At the same time, not only is Africa’s population rising: so is the size (and spending ability) of its middle class. For example, McKinsey notes thatin 2000 there were approximately 59 million households in Africa with discretionary income. By 2008 that number had jumped to 85 million, and by 2020 it is forecast to rise to 128 million – more than double in merely two decades. As the number of households with discretionary spending rises, the opportunity for consumer goods companies to sell more and better products rises as well.At Nile, we understand the opportunity for growth in companies that effectively produce goods that suit African consumers’ needs. We see enormous opportunities in retail, food, housing, cellular phones, and financial firms that are well positioned to access the growing consumer market. We also believe that African companies are often uniquely positioned in the market, as they are able to bring local knowledge and branding power to their business model.

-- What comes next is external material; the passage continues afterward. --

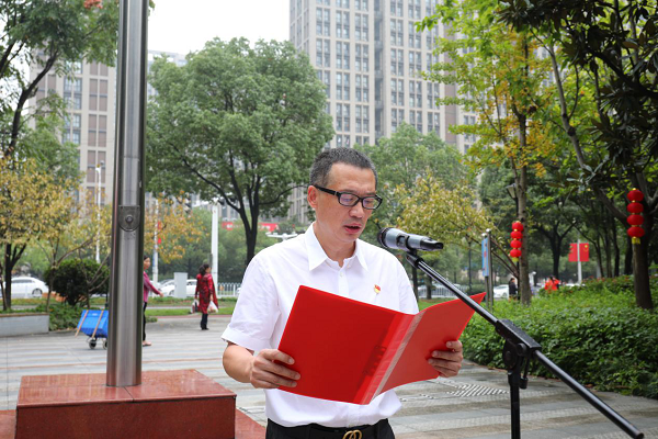升旗仪式上,梁毅恒书记代表局党组作了作了振奋人心的致辞,肯定了省药品监管局一年来取得的成绩。他要求,全体干部职工要更加紧密地团结在以习近平同志为核心的党中央周围,坚决与以习近平同志为核心的党中央保持高度一致,用习近平新时代中国特色社会主义思想武装头脑,贯彻落实习近平总书记考察湖南时的重要讲话精神,闯出新路子,展现新作为;要坚持以党的建设为引领,始终牢记、扎实践行誓言,将爱国情、报国志转化为爱岗敬业的热情、开拓创新的锐气、真抓实干的行动,用心用情、尽职尽责,落实习近平总书记“四个最严”要求,确保人民用药安全;要坚持党要管党、全面从严治党,认真贯彻新时代党的建设总要求,始终保持为民务实清廉的政治本色,不断锤炼忠诚干净担当的政治品格,锻造一支政治坚定、作风优良、业务精湛的高素质药监干部队伍。

Even more surprising is the opportunity for penetration of new markets. Since the year 2000, McKinsey notes that 316 million new phone subscribers have signed up in Africa. However, they also note that in 2008 only 39% of Africa’s population had access to telecom services, 38% had access to modern retail, and 20% had access to banking (note that these statistics include South Africa, where the numbers are 92%, 68%, and 60% respectively, skewing the average up). It is amazing to think of the potential for growth in companies that are able to fill those gaps.
Going forward, we expect each of these themes to represent an excellent opportunity for investors who are seeking great value and long term growth. We believe strongly that these three themes are driving Africa’s shifting economic landscape, and will strive to help investors participate in the Continent’s growth.